NF-E2-related factor-2/anti-oxidant response element (Nrf2/ARE) pathway is one of the critical defensive signaling pathways that regulate the expression of antioxidants and phase II detoxifying enzymes in response to phytochemicals. Several phytochemicals such as curcumin, genistein, epigallocatechin gallate (EGCG) have been shown to activate the Nrf2 pathway.44 Sulphorafane, a phytochemical found in cruciferous vegetables, is known to activate the Nrf2/ARE pathway and has been reported to provide neuroprotection in both mice and fly PD models.52,53 Activation of Nrf2 signaling pathway has been shown to be neuroprotective in a Drosophila PD model.54 In a mouse model, supplementation of curcumin induces the expression of detoxification enzymes like catalase, hemeoxygenase-1 (HO-1), glutathione-s-transferases, and glutathione reductase, in the liver and small intestine.55 EGCG has been shown to confer resistance against H2O2-induced cell death by upregulating the expression of HO-1 through activation of the Nrf2/ARE pathway.56

Another factor proposed to modulate the adaptive stress response pathway is the hypoxia-inducible factor (HIF-1) which plays a critical role in cellular adaptation to low oxygen levels. The flavonoid quercetin has been shown to activate HIF-1a, and green tea catechin EGCG upregulates the expression of genes downstream of HIF-1.57,58 A recent study reported that HIFα ortholog in Drosophila, similar (Sima) knockdown restores neuronal function in a Drosophila model of familial PD.59

NF-κB is a transcription factor that controls several genes involved in immunity, inflammation, stress response, cell survival, and proliferation.60 NF-κB dysregulation has been implicated in the pathogenesis of diverse diseases and appears to be a promising target for neurodegenerative disorders, including PD.61 Numerous phytochemicals, including curcumin, quercetin, and resveratrol have been identified to affect NF-κB activity.19

Peroxisome proliferator-activated receptors (PPARs) are ligand-activated transcription factors belonging to the nuclear hormone receptor superfamily that controls glucose and lipid metabolism as well as growth and differentiation. Neuroprotective effects of PPAR agonists have been demonstrated in experimental models of PD.62,63 The PPAR agonist, pioglitazone was shown to protect against motor dysfunction and neuronal loss in both MPTP mouse and Drosophila model of amyotrophic lateral sclerosis (ALS).64,65

Sirtuins are NAD+-dependent protein deacetylases that regulate key transcription factors, including HIF-1, NF-κB, forkhead box subgroup O (FoxO).19 Several groups have reported the critical role of SIRT1 in calorie restriction-induced life span extension and confer protection in experimental models of neurodegenerative diseases.66 Numerous phytochemicals have been identified that can modulate SIRT1 activity, including resveratrol from red wine.19,31 Activation of SIRT1 and its homologs has been shown to be protective in cell culture, worm, fly and mouse models of PD.67 These studies highlight the shared molecular pathways between humans and fly models that can be used as therapeutic targets against neurodegenerative diseases.

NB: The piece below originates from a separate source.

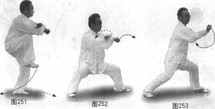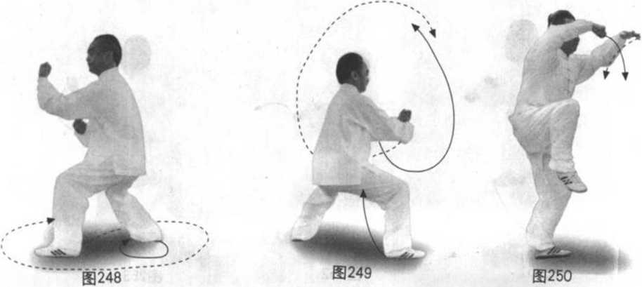 地,变逆缠里转(当右脚落地重心移右后),脚提起脚尖上翘里合随身右转 再以脚跟里侧着地旋转扫地,实际左脚贴地旋转扫地角度为450度。同时双 拳原位置不变,以双顺缠形成右拳与右脚的向心力,即小圈,左拳与左脚的 离心力,即大圈。眼看身右侧再看左脚,耳听身后。(图249)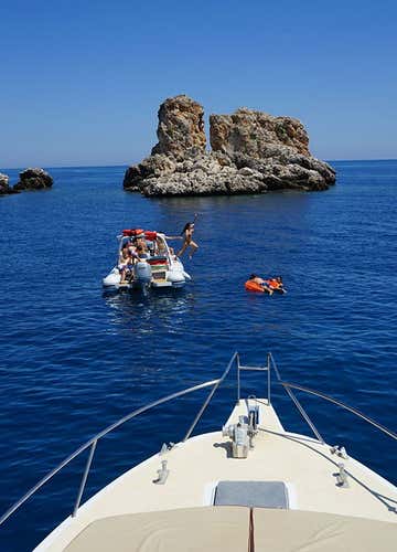 The motor boat, christened Chicca, is 12 metres long and is equipped with a large awning, a rooftop sun deck with comfortable cushions, a sundeck at the bow, a freshwater shower, toilets and a stereo for music on board. Snorkelling sets, life jackets, boards and swimming aid sets are also available to passengers.

Future studies should be directed towards the identification of bioactive compounds from natural products that can regulate the evolutionarily conserved pathways involved in PD pathogenesis. Plants and insects represent a classic case of coevolution where they rely on each other for survival. Some plants have evolved to produce secondary metabolites that target conserved pathways as a strategy to defend against herbivores and other pests. This makes Drosophila models excellent platform for screening natural products for identification of new drug target candidates that can be subsequently validated in a vertebrate system.

Use of Drosophila models as screening platforms in drug discovery

In the drug discovery pipeline, cell culture-based high-throughput screening is one of the most widely used approaches to identify bioactive compounds for therapeutic purposes. However, recent studies highlight the challenges of cell culture models in drug development since the influence of chemical microenvironments cannot be studied. In addition, the drug toxicity profile in cell culture models cannot represent tissue-specific responses and often poorly translate to in vivo testing. Therefore, most of the positive drug targets identified through in vitro screening platforms appear to be ineffective or toxic in subsequent validation experiments in animal models. This prompted the development of 3D based cell cultures that can recapitulate the in vivo responses to drug treatment.68 However, the application of 3D cell culture in high-throughput screening is costly and labor intensive. Alternatively, the use of rodent models for drug screening during the initial stages is relatively expensive, time-consuming and pose ethical concerns.

The fruit fly, Drosophila melanogaster, is one of the most common invertebrate model organisms in biomedical research.6971 Drosophila is an optimal in vivo model for studying human diseases because of the highly conserved molecular pathways, and approximately 75% of genes linked with human diseases are conserved in Drosophila.72 In addition, the shorter life span and larger progeny number along with a fully annotated genome and the low cost of pathway-defining studies make Drosophila an excellent model to elucidate molecular pathways underlying human diseases.73 Furthermore, the fly model offers powerful genetics tools to easily and rapidly manipulate target gene expression in specified cell types and tissues.74 The Drosophila nervous system is much simpler compared to humans, which makes it an optimal model to elucidate the evolutionarily conserved signaling pathways underlying disease pathology. Therefore, Drosophila models offer an ideal solution for rapid and economical large-scale screening of phytochemicals for potential drug target against neurodegenerative diseases, including PD. In contrast, mouse and other rodent model systems require expensive and long-term experimentations, while cell culture models cannot reflect cell-specific interactions in the context of the whole organism.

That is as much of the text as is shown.